Vangelis’s original score was supplemented by sibilant exhalations and murmurs, but the soundscape was never noisy. The new film’s music is composed by Hans Zimmer and Benjamin Wallfisch, the same team that captured Dunkirk’s (2017) fearful din so aptly. Here the music and ambient sound often rise to intolerable and meaningless tohubohu.

The original’s searching questions about memory, identity, and morality are also reduced to flat throwaways, stripped of any spirit of genuine, concerned inquiry. Poignant brooding over the existential imperative of free choice in the very teeth of death is replaced by the vacuous soliloquizing of Neander Wallace, literally blind to his unslakable madness for omnipotent power.

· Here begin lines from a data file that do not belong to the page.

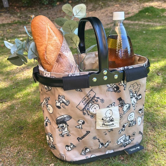 「SNOOPY(PEANUTS 75years)ミニセミルナバスケット」は、ピクニックやキャンプ、運動会などマルチなシーンで活躍する、容量18Lで使い勝手の良い折りたたみ式バスケットです。自立式なので、物の出し入れが快適で、本体生地は着脱式のため、汚れても丸洗いができ清潔にお使いいただけます。遊び道具や食材入れなど、アイデア次第で使い勝手がひろがります。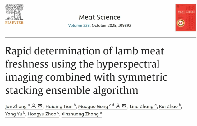 團(tuán)隊(duì)成員張玨博士在畜牧業(yè)領(lǐng)域的一區(qū)Top期刊《Meat Science》上發(fā)表題為《Rapid determination of lamb meat freshness using the hyperspectral imaging combined with symmetric stacking ensemble algorithm》的研究成果。該研究面向肉類高光譜成像智能分析的兩大難點(diǎn)開展攻關(guān),在保持組織結(jié)構(gòu)完整的前提下實(shí)現(xiàn)羊肉新鮮度的可靠無損檢測(cè),并在多指標(biāo)融合建模中提升可解釋性與生物學(xué)關(guān)聯(lián)性。該研究將高光譜成像與人工智能深度融合,提出了關(guān)鍵波段自適應(yīng)提取與多模型特征融合機(jī)制,構(gòu)建了對(duì)稱堆疊集成學(xué)習(xí)框架SSEL,發(fā)現(xiàn)了 620 至 630 nm 光譜峰值紅移與肌紅蛋白 OxyMb 向高鐵肌紅蛋白 MetMb 轉(zhuǎn)變密切相關(guān),該區(qū)域具有重要生物標(biāo)志潛力,可用作評(píng)估儲(chǔ)存期間羊肉腐敗程度的關(guān)鍵特征波段。SSEL 集成學(xué)習(xí)架構(gòu)融合多類基學(xué)習(xí)器與元學(xué)習(xí)器,緩解高維高光譜數(shù)據(jù)的欠擬合與過擬合問題,在 TVB-N、TVC、pH、L* 等新鮮度指標(biāo)預(yù)測(cè)中,R2 提升約 5% 至 12%,RMSEP 降低約 15% 至 28%,整體性能優(yōu)于傳統(tǒng)單一建模方法。同時(shí)提出融合光譜動(dòng)態(tài)變化與理化指標(biāo)的雙通道時(shí)間序列建模策略,并引入基于多目標(biāo)優(yōu)化的儲(chǔ)存時(shí)間預(yù)測(cè)機(jī)制,實(shí)現(xiàn)對(duì)羊肉儲(chǔ)存周期的準(zhǔn)確評(píng)估。該技術(shù)貫通數(shù)據(jù)采集、特征波段自適應(yīng)提取、集成建模與分子機(jī)制層面的可解釋性分析,在肉類質(zhì)量安全監(jiān)測(cè)、冷鏈運(yùn)輸管理、智能包裝檢測(cè)與食品溯源等場(chǎng)景具有顯著應(yīng)用價(jià)值。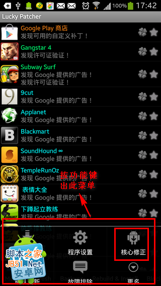 安装成功之后,直接进入程序。开始程序会加载数据,圈圈转玩之后,按手机功能键!才能出幸运破解器的主菜单,里面就有核心修正的选项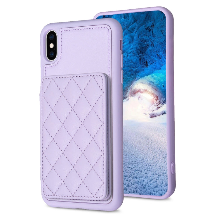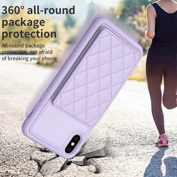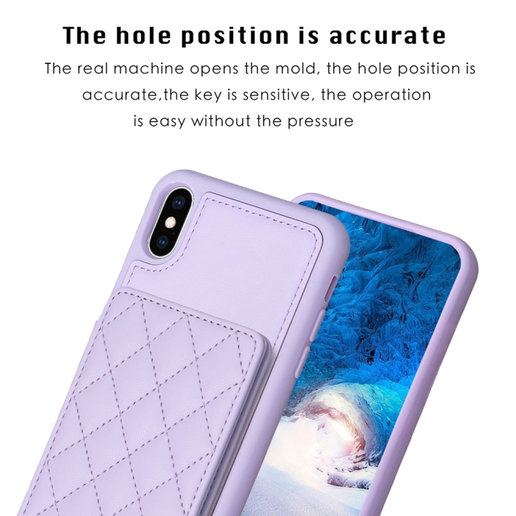Funda para iPhone Xs Max Bf25 Square Plaid Card Bag Holder con Soporte para Tarjetas (Púrpura)

As Roy Batty’s life ebbs away before Deckard’s helpless gaze, he’s become more human than his maker in the best sense, transcending the illusions created by Tyrell’s implanted memories; acknowledging that the authentic experiences of his 4-year life span-brutal yet finally noble-have been rendered even more precious by accepting his transience. Here is his famous concluding speech:

I’ve seen things you people wouldn’t believe . . .

attack ships on fire off the shoulder of Orion . . .

I’ve watched C-beams glitter in the dark near the Tannhauser gate. . . .

All those . . . moments . . . will be lost . . . in time,

like . . . tears . . . in rain.

I’m saddened-and not a little angry-that Blade Runner’s numinous, lyric beauty, its evocation of grace on the brink of inevitable dissolution, have all been washed away-like tears in rain-by this incoherent hollowed-out replicant.